When is min(a, b) != min(b, a)?

S

Steven D'Aprano

That doesn't follow. The problem is not that x < nan returns False
because that is correct since x isn't smaller than nan.

Comparisons between things which are not comparable risk being terribly
misleading, and depend very much on how you define "less than" and
"greater than". If you insist that everything must have a boolean yes/no
answer ("Does the colour red have a better chance of becoming President
than a kick to the head?") then False is not an entirely unreasonable
result to return.

But if you consider that having "x is not smaller than y" be equivalent
to "x is greater than or equal to y" is more important than forcing a
boolean answer in the first place, then you need something to signal
Undefined, and an exception is the right solution unless you have multi-
valued logic system (True, False, Maybe, Undefined, ...)

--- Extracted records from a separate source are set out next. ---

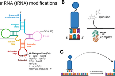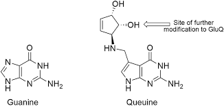 Dönüşüm Süreci: Hücre içine giren Queuine (q), TGT (tRNA-guanine transglycosylase) adındaki muazzam bir enzim tarafından alınır. TGT enzimi, belirli tRNA'ların (Tirozin, Histidin, Asparagin ve Aspartik Asit) antikodon bölgesindeki (34. pozisyon - "wobble" bölgesi) normal bir Guanin (G) bazını söküp çıkarır ve yerine bu modifiye Queuine'i yerleştirir.
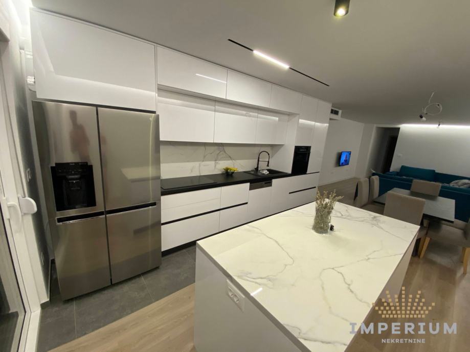 Također stan posjeduje fan coil sustav klima u svim sobama, podno grijanje po cijelom stanu na sustavu dizalica topline, komarice na svim otvorima/zatvorima, roštilj, LAN umreženost po stanu.
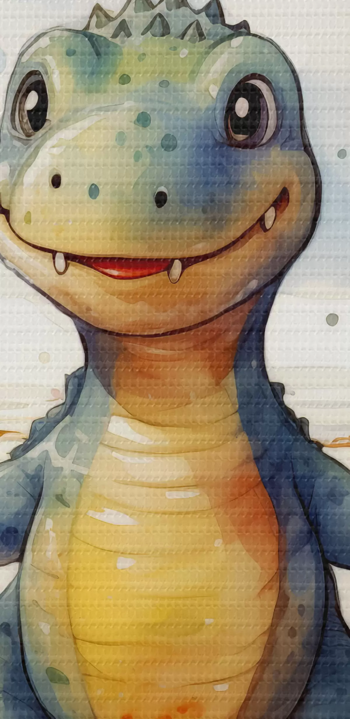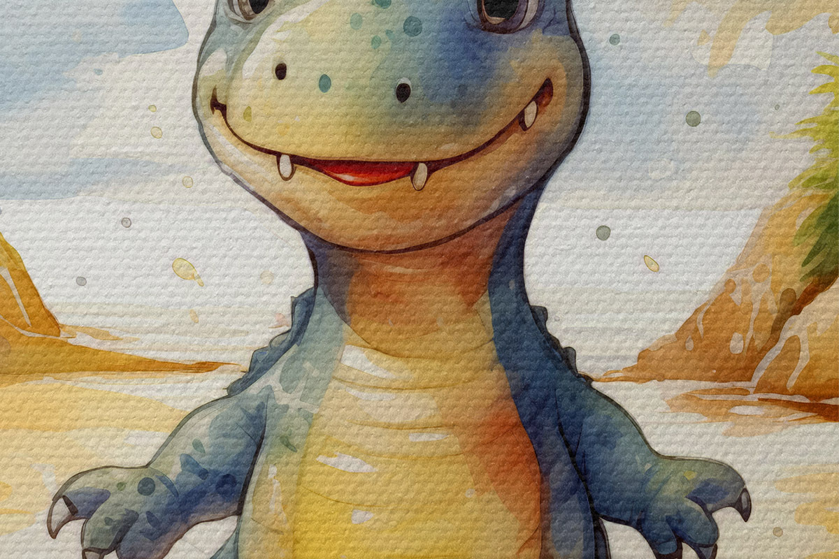 Immagine Dinosauro nel fiume sullo sfondo di montagne e felci acquerello Nr r39930

SANE (Standard Apple Numerics Environment) explicitly states that it
signals an exception when doing ordered comparisons against NaNs because
to return False would be misleading. Apple went on to use the same rule
in their PowerPC Numerics. That's straight out of the Zen: Practicality
Beats Purity.
 
S

Steven D'Aprano

I disagree with your last sentence. We are dealing with quiet NaNs
which should not raise exceptions. x < nan is well defined in IEEE, it
is false.

I question that. The IEEE standard states that comparisons involving NaNs
are unordered and should signal INVALID. What that means at the high
level of x < NAN (etc.) isn't clear.

I'm having a lot of trouble finding the canonical IEEE-754 standard, so
I'm forced to judge by implementations and third party accounts. For
example, this is what IBM says:

http://publib.boulder.ibm.com/infocenter/lnxpcomp/v8v101/index.jsp?topic=/
com.ibm.xlf101l.doc/xlfopg/fpieee.htm

The IEEE standard defines several exception conditions that can occur:

....

INVALID
Operations are performed on values for which the results are not defined.
These include:
Operations on signaling NaN values
...
Comparisons involving NaN values
[end quote]


Note that *only* sNaNs signal invalid on arithmetic operations, but
*both* types of NaNs signal invalid on comparisons.

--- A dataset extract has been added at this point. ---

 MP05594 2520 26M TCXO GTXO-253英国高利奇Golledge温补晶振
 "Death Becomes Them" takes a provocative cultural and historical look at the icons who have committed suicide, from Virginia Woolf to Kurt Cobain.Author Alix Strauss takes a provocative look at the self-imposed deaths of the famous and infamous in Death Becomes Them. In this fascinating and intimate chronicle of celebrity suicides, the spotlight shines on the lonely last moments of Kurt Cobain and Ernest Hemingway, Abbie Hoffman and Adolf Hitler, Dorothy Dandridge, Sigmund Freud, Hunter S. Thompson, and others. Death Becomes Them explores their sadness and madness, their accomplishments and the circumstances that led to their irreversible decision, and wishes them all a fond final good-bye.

The same page also lists a table showing the result of such signals. I
won't reproduce the whole table, but it states that the INVALID signal
results in a NaN if exceptions are disabled, and no result (naturally) if
exceptions are enabled.

SANE (Standard Apple Numerics Environment) and Apple's PowerPC Numerics
also do the same. See for example:
http://developer.apple.com/documentation/mac/PPCNumerics/
PPCNumerics-37.html

....when x or y is a NaN, x < y being false might tempt you to conclude
that x >= y, so PowerPC Numerics signals invalid to help you avoid the
pitfall.
[end quote]

Regardless of deep philosophical questions about truth, that's a great
example of Practicality Beats Purity. And some of us think that raising
an exception would not only be more practical, but also more pure as well.
 
M

Mark Dickinson

I'm having a lot of trouble finding the canonical IEEE-754 standard, so
I'm forced to judge by implementations and third party accounts. For
example, this is what IBM says:

There's a recent draft of IEEE 754r (the upcoming revision to IEEE
754) at

http://www.validlab.com/754R/drafts/archive/2007-10-05.pdf

Sections 5.11 and 5.3.1 deal with comparison predicates and the maxnum/
minnum operations, respectively.

One of the problems here is that Python's == operator is used for two
different purposes: first, for numeric comparisons (where in some
sense it's semi-reasonable for NaN == NaN to return False, or raise an
exception), and second, for structural operations like checking set or
dict membership. Most of the time there's not too much conflict here,
but while I fully expect 2 == Decimal('2.0') to return True, it still
occasionally feels funny to me that I can't have Decimal("2.0") and
the integer 2 be different keys in a dict: certainly they're
numerically equal, but they're still fundamentally different objects,
dammit!

Any change to Python that made == and != checks involving NaNs raise
an exception would have to consider the consequences for set, dict,
list membership testing.

Mark


and if Python had separate operators for these two purposes it
wouldn't be Python any more.


Mark
 
A

Antoon Pardon

Comparisons between things which are not comparable risk being terribly
misleading, and depend very much on how you define "less than" and
"greater than". If you insist that everything must have a boolean yes/no
answer ("Does the colour red have a better chance of becoming President
than a kick to the head?") then False is not an entirely unreasonable
result to return.

But if you consider that having "x is not smaller than y" be equivalent
to "x is greater than or equal to y" is more important than forcing a
boolean answer in the first place, then you need something to signal
Undefined, and an exception is the right solution unless you have multi-
valued logic system (True, False, Maybe, Undefined, ...)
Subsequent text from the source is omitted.